→ **Exercise details**:
Please print, exactly, only the lines in the entries below from the line that has "개를 향해 짓궂은 표정을 한 여자아이가 바로 딸입니다." through the line that has "2、相鄰兩個(gè)探測(cè)器距離應(yīng)符合1表的規(guī)定;". Pictures don't go in.

→ **Entries provided**:
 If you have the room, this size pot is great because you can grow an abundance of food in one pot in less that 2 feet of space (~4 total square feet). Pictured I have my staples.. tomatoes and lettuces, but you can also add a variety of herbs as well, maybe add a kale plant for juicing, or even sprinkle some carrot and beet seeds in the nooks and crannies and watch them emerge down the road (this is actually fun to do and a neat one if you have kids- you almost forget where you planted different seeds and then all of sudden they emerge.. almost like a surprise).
* * *
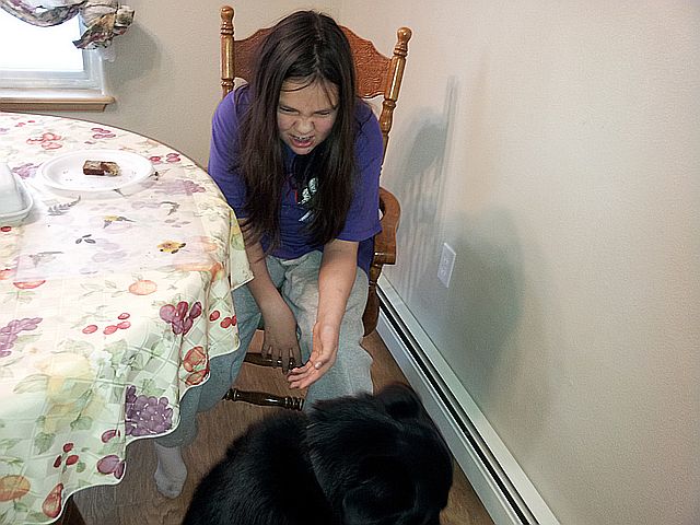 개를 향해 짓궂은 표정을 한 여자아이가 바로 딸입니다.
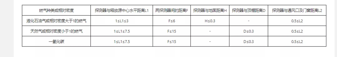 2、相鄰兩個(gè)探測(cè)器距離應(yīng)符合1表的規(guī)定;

→ **Answer to this task**:
 개를 향해 짓궂은 표정을 한 여자아이가 바로 딸입니다.
 2、相鄰兩個(gè)探測(cè)器距離應(yīng)符合1表的規(guī)定;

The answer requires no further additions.